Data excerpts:

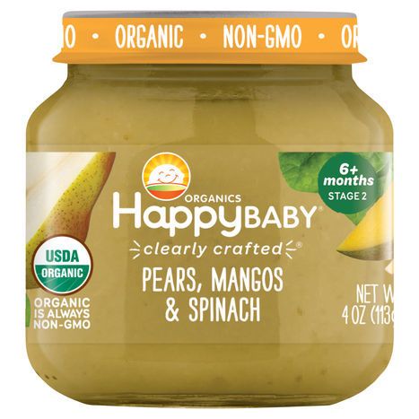 Happy Baby Pears, Mangos & Spinach, Stage 2 (6+ Months) - 4 Ounces
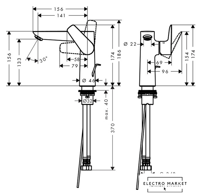 | Длина (вылет) излива | 141 мм |
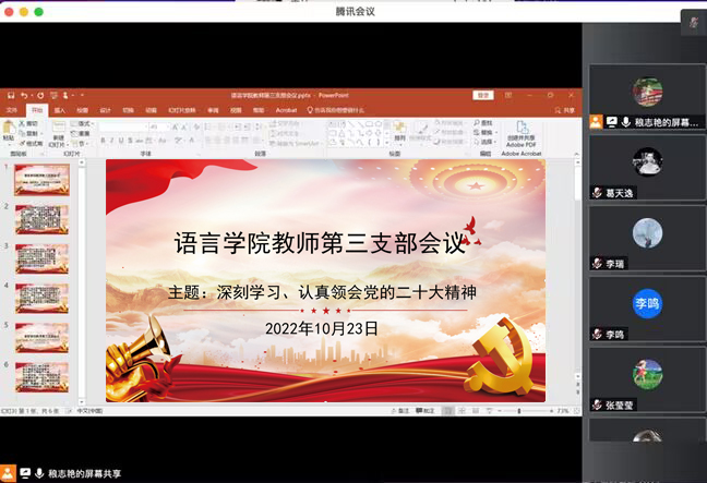 10月23日晚,bevictor伟德教师第三党支部书记稂志艳组织召开了“深刻学习、认真领会党的二十大精神”会议,会议由稂志艳书记主持,支部成员积极参加,并踊跃发言。
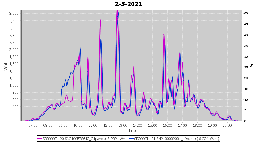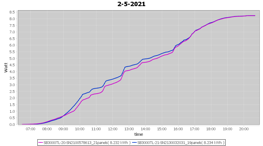 | 2-5-2021 | kWh | Sum | W/Wp | 16.466 | 6000 | 2.7 | 7.616 | € 5.92 | 2.2 |
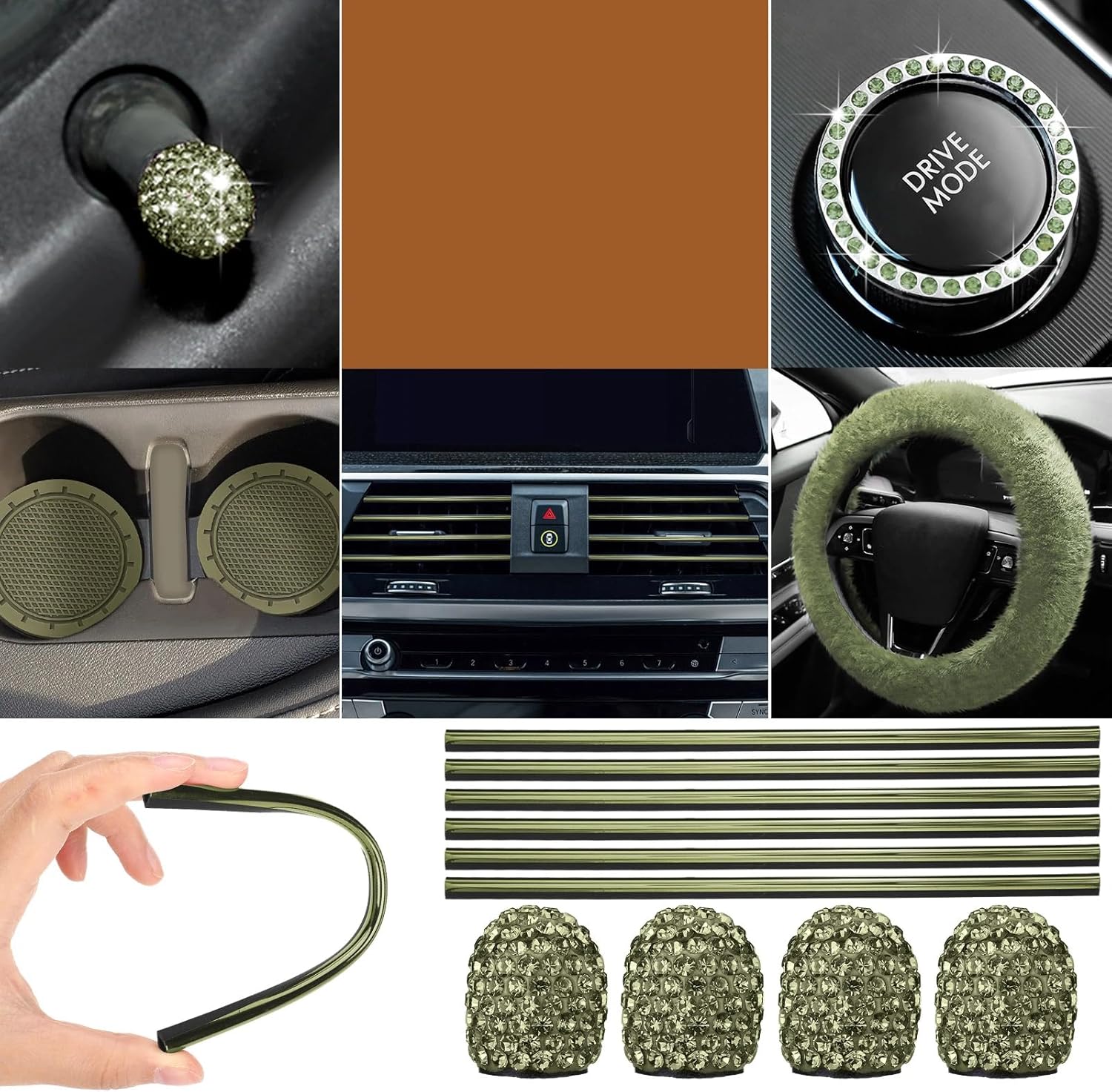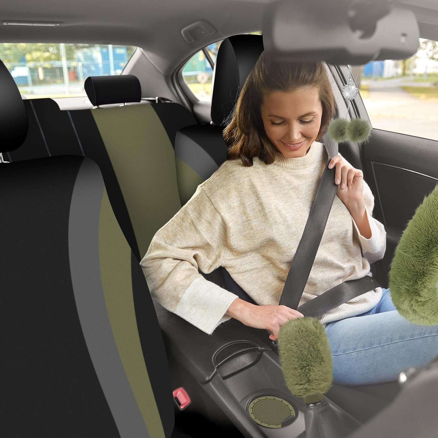 Features: The Car seat cover full set, a comprehensive collection of automotive interior accessories, which is designed to enhance the look and feel of your vehicle. With a vibrant color scheme, this set includes a total of 47 pieces, ensuring that every aspect of your car's interior is covered. Specifications: Color: sage green Size: fits front seats (16.9" W x 21.2" H x 17.7" Dep. ), rear seat (49.2" W x 29.9" H x 16.5" Dep. ), and floor mats (16.9" W x 26.3" L). Please refer to the image for a clearer size reference. Package includes: 2 x Front seat covers 5 x Car headrest covers 2 x Rear bench seat covers 1 x Plush steering wheel cover 1 x Handbrake cover 1 x Gear shift cover 2 x Car cup mats 1 x Rearview mirror hanging accessory 2 x Ring stickers 2 x Seat belt pads 4 x Car floor mats 4 x Valve tire caps 20 x Car vent decorations Notes: Manual measurement, please allow slight errors on size. The color may exist a slight difference due to different screen displays.
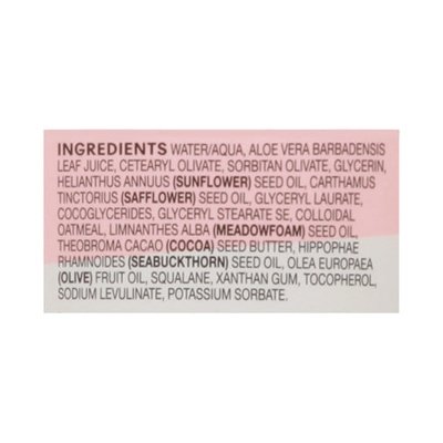 INGREDIENTS: Water/Aqua, Aloe Vera Barbadensis Leaf Juice, Cetearyl Olivate, Sorbitan Olivate, Glycerin, Helianthus Annuus (Sunflower)Seed Oil, Carthamus Tinctorius (Safflower) Seed Oil, Glyceryl Laurate, Cocoglycerides, Glyceryl Stearate SE, Colloidal Oatmeal, Limnanthes Alba (Meadowfoam) Seed Oil, Theobroma Cacao (Cocoa) Seed Butter, Hippophae Rhamnoides (Seabuckthorn) Seed Oil, Olea Europaea (Olive) Fruit Oil, Squalane, Xanthan Gum, Tocopherol, Sodium Levulinate, Potassium Sorbate.
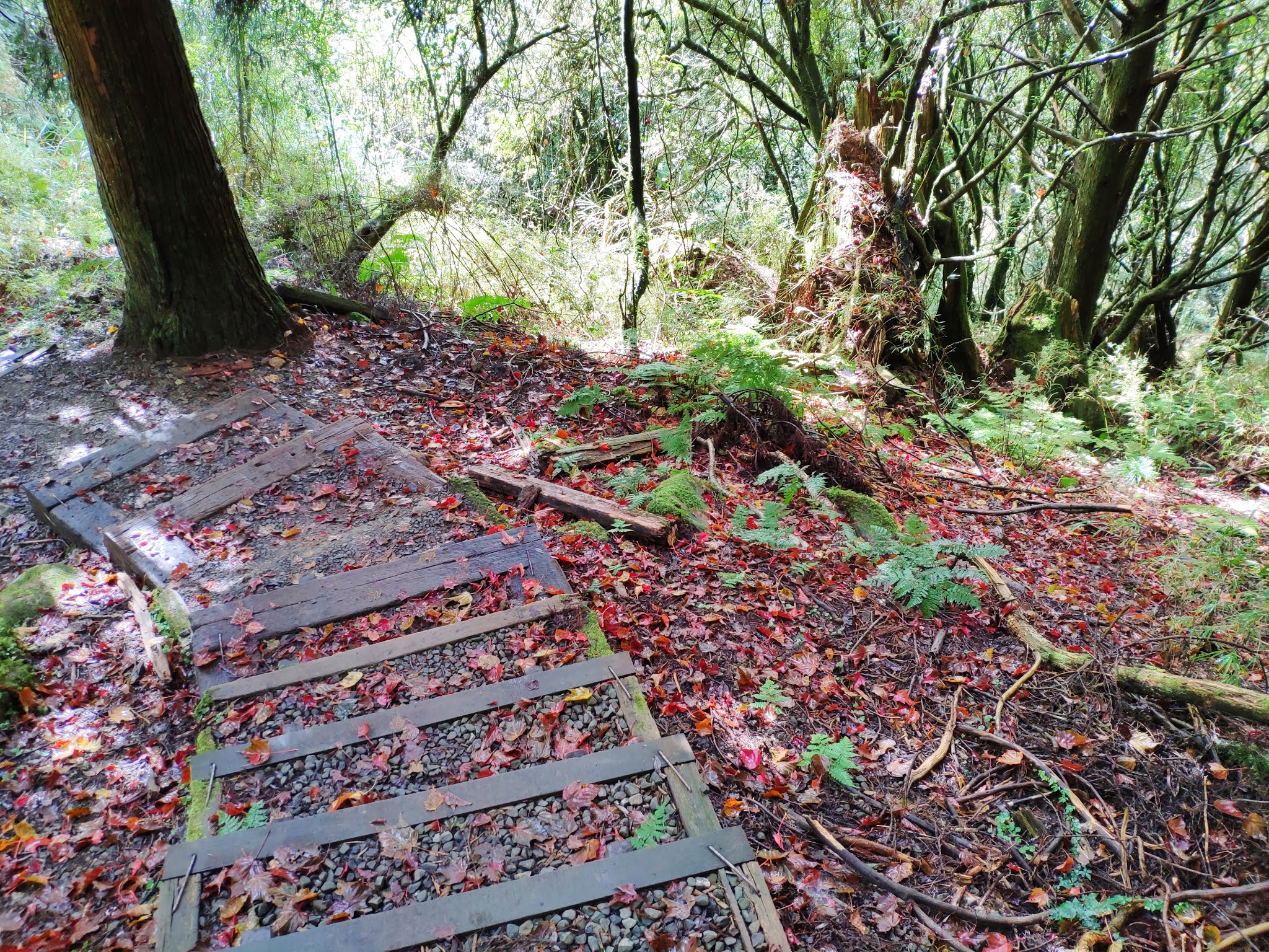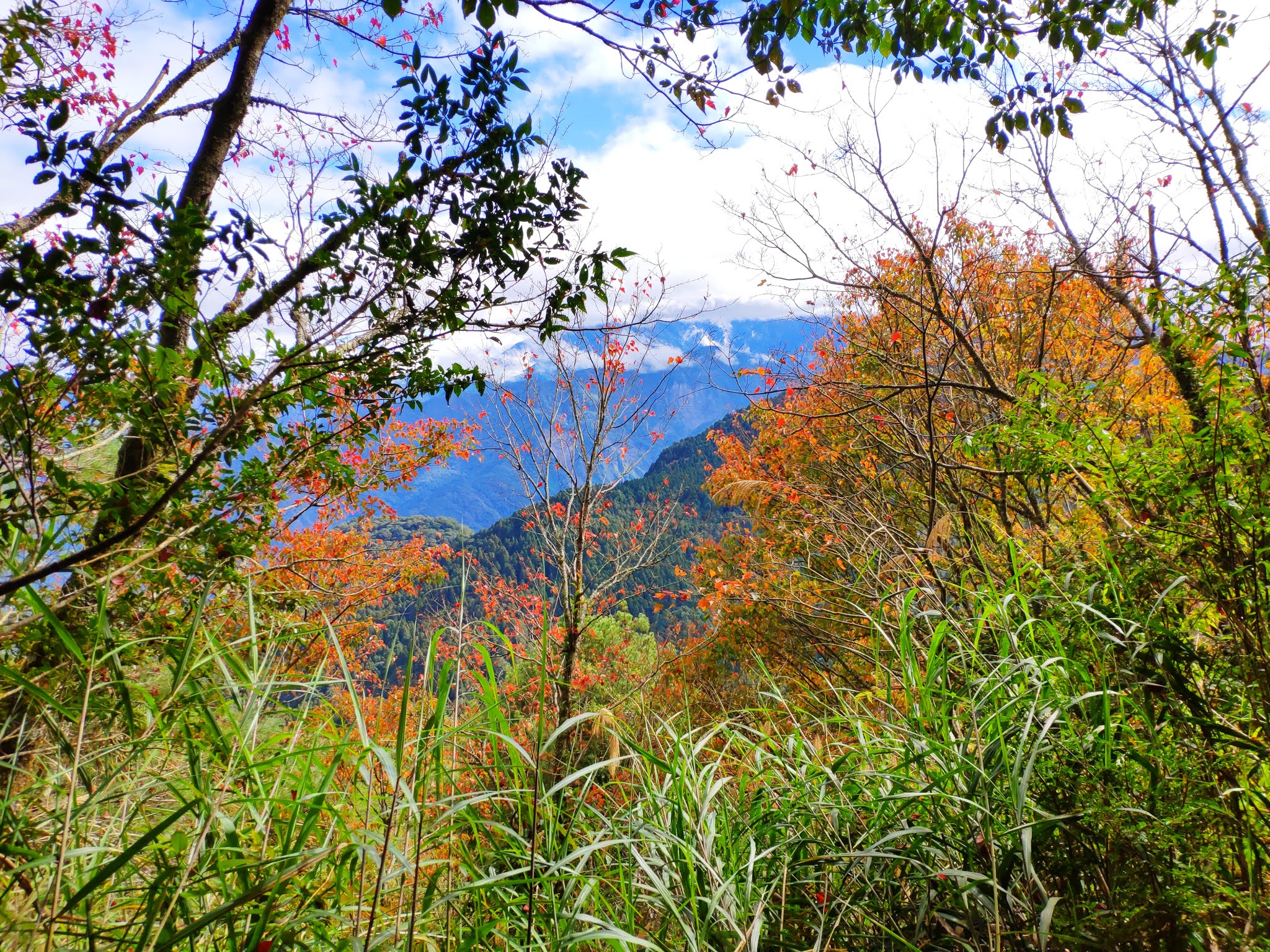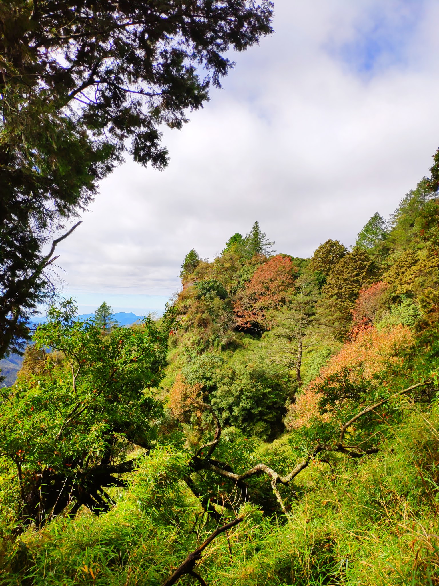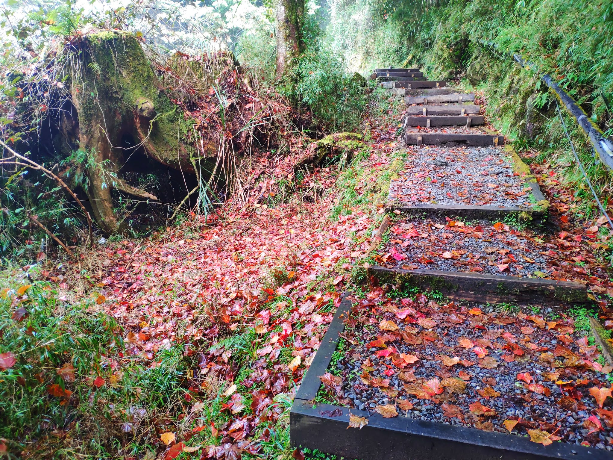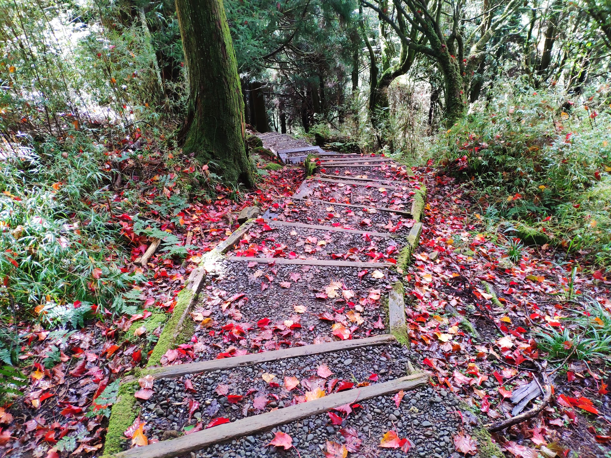 後面1.7公里的路程是一路陡上,階梯眾多,但只需要配合自身體力、調節呼吸,最終便能抵達山頂。沿路的楓葉紅一塊、黃一塊,充滿麥當勞色系的楓葉地毯,值得令人駐足許久,說到這裡肚子好餓。途中會經過二代木紅檜,很適合拍照留念。塔山的山頂無基點,但是天氣放晴時展望良好。
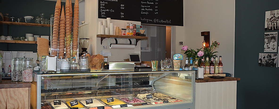 Eisbüttel offers ice cream made of fresh, natural ingredients and a stylish upcycling interior décor.

* _Instructions for the task_: Beginning with the first entry above, reproduce every line verbatim until the line with "5.92 | 2.2 |", which is included too; omit pictures.

* _Answer area_:
 Happy Baby Pears, Mangos & Spinach, Stage 2 (6+ Months) - 4 Ounces
 | Длина (вылет) излива | 141 мм |
 10月23日晚,bevictor伟德教师第三党支部书记稂志艳组织召开了“深刻学习、认真领会党的二十大精神”会议,会议由稂志艳书记主持,支部成员积极参加,并踊跃发言。
 | 2-5-2021 | kWh | Sum | W/Wp | 16.466 | 6000 | 2.7 | 7.616 | € 5.92 | 2.2 |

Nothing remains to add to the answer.